The land needed for the construction of glycerine plant have been estimated about 5

acres which is approximately to 20234.28 m2.This value of land is including the future

expansion of the plant. Kampung Acheh in Perak has been chosen to construct this

plant. According to ministry of industrial development authority (MIDA), the land value in

Kampung Acheh is MYR 17.00 per square feet.

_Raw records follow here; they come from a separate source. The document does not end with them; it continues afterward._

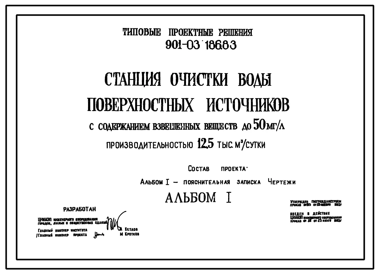 Типовой проект 901-03-186.83 Станция очистки воды поверхностных источников с содержанием взвешенных веществ до 50 мг/л производительностью 12,5 тыс. м3/сут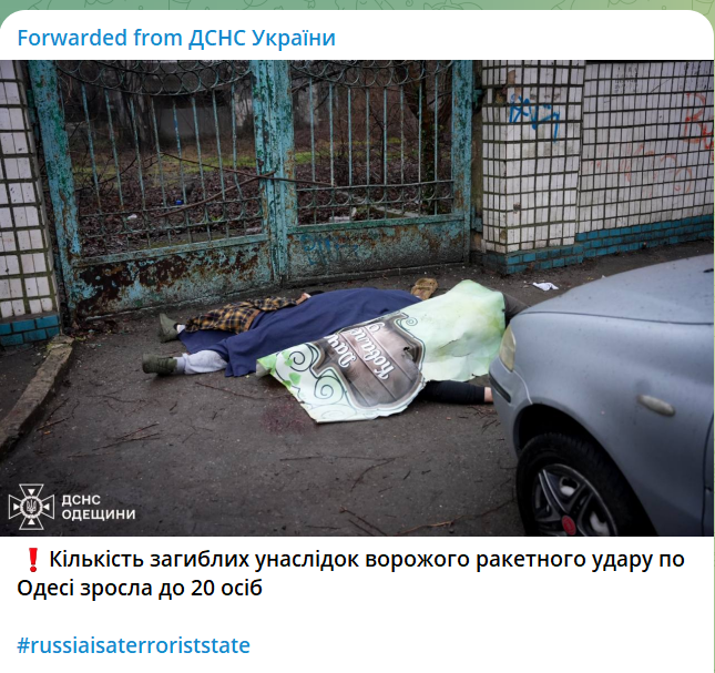 Число погибших в результате удара российских захватчиков по Одессе возросло до 20 человек. Также известно по меньшей мере о 73 пострадавших.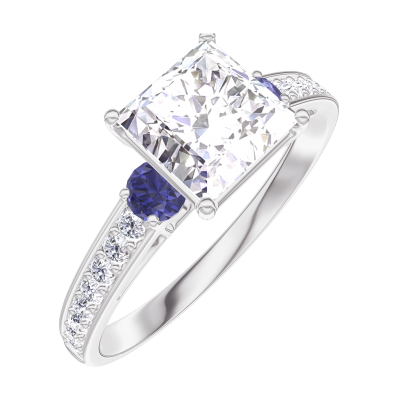 « L'ATELIER » Nº167368Ring Weißgold 375/-(9Kt) - Diamant Prinzess 1 Karat - Seitliche Steine Blauer Saphir - Fassung Diamant

Total Capital Cost, CTC = CFC +CWC + CL

= MYR105, 785,282.40+ MYR 5,289,264.12+ MYR 3,702,600

= MYR 114,777,146.50

8.4 COST OF MANUFACTURING

In order to estimate the manufacturing cost, should be provided the process information

provided on the PFD (process flow diagram), an estimate of the fixed capital investment

and an estimate of the number of operators required to operate the plant. The fixed

capital investment is the same as either the total module cost or the grass roots cost (R.

Turton, 2009).

The Equation 8.10 is used to evaluate the cost of manufacture becomes:

Cost of manufacture (COM) = Direct Manufacturing Cost (DMC) + Fixed Manufacturing

Cost (FMC) + General Expenses (GE) (8.10)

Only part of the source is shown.